### [Working data]
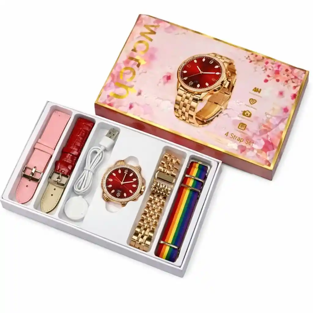 Smartwatch Gen 9 Pulso Metalico dorado + silicona rosado + sintetico cuero rojo + strech multicolor
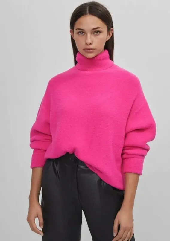 Этот розовый свитер, несмотря на свой яркий цвет, органично впишется в разные образы. С его помощью можно поставить акцентное пятно в монохромном ансамбле или собрать лук в стиле колор-блок. Во втором случае предлагаем надеть его с изумрудными брюками и завершить комплект синей сумкой и белой обувью.
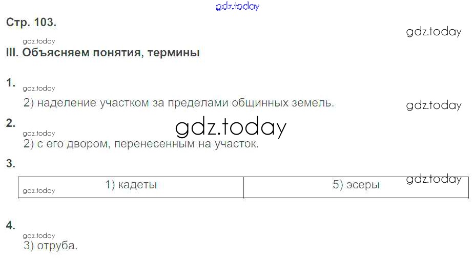На страницах сайта gdz.today вы найдете учебный и вспомогательный материал, направленный на улучшения знаний школьной программы. ГДЗ - онлайн мир знаний Страницы (решение) 103 Рабочей тетради по Истории России для 9 класса Гевуркова Экзамен УМК 2019
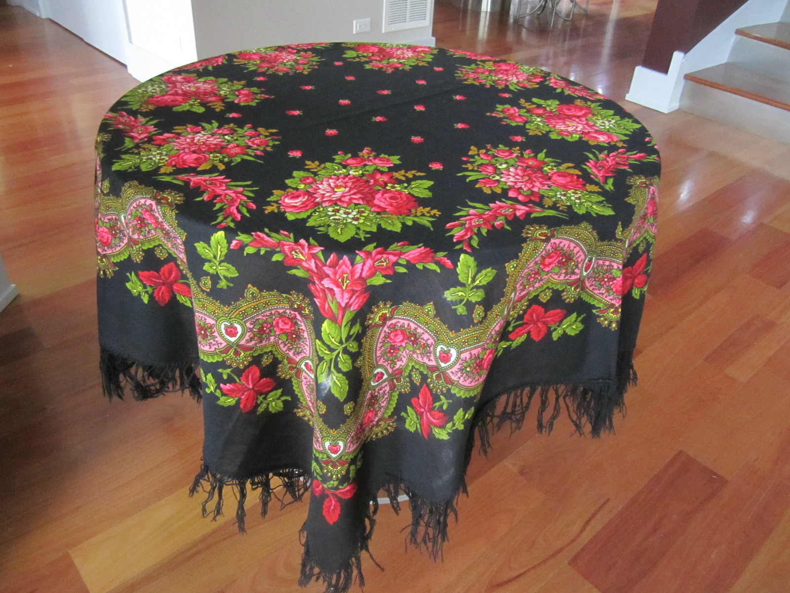 И совершенно дивный платок 125х125. Есть в нашей базе как неопознанный. С цветами хлопка. Был подарен подруге в конце 70х годов теперь уже прошлого века.
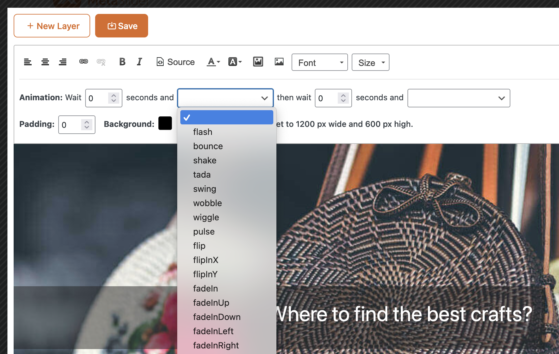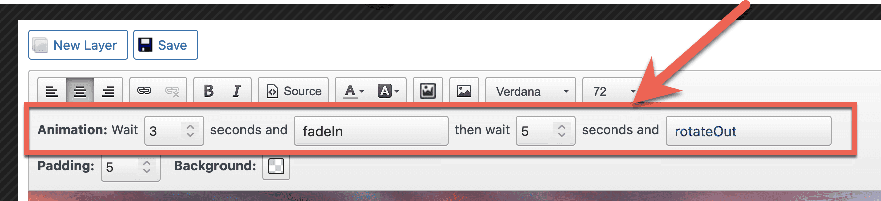 - Use the “Animation” options in the middle role of the toolbar. In this example, the “Sunsets Around The World” heading will wait 3 seconds and then use the “fadein” animation. It will then wait 5 seconds and use the “rotateOut” animation.
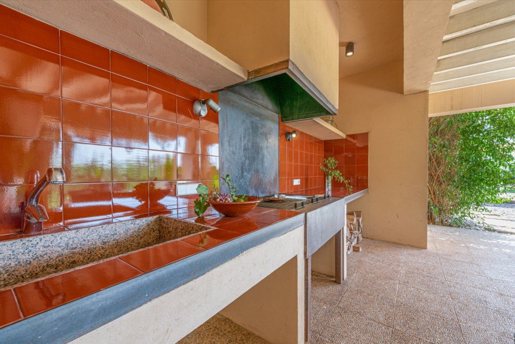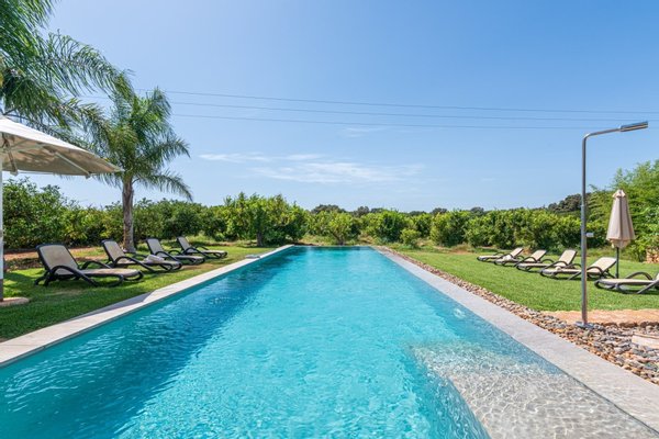 Der Außenbereich bietet den perfekten Rahmen, um das mediterrane Klima zu genießen. Es gibt mehrere Terrassen mit dem bereits erwähnten Grill, Essbereiche im Freien und eine Rasenfläche, die durch einen beeindruckenden Pool ergänzt wird.
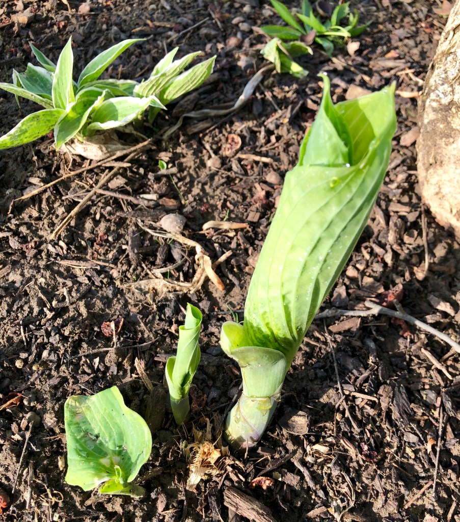 Last month, I wrote about grasses while spending all my days at home during the spring of the Covid-19 viral outbreak. Since then, between lawn mowing sessions and working from home, I awaited the return of my perrenial hosta plants from underground, which create a leafy landscape in the shady areas of my backyard. Now that we’ve reached the end of an academic year, summer is coming…and the hostas have spread their leaves!

### [What is needed]
Starting at the first line of the material above and ending with the line that contains "На страницах сайта", reproduce every line exactly, and leave out the pictures.

### [Answer to this problem]
 Smartwatch Gen 9 Pulso Metalico dorado + silicona rosado + sintetico cuero rojo + strech multicolor
 Этот розовый свитер, несмотря на свой яркий цвет, органично впишется в разные образы. С его помощью можно поставить акцентное пятно в монохромном ансамбле или собрать лук в стиле колор-блок. Во втором случае предлагаем надеть его с изумрудными брюками и завершить комплект синей сумкой и белой обувью.
На страницах сайта gdz.today вы найдете учебный и вспомогательный материал, направленный на улучшения знаний школьной программы. ГДЗ - онлайн мир знаний Страницы (решение) 103 Рабочей тетради по Истории России для 9 класса Гевуркова Экзамен УМК 2019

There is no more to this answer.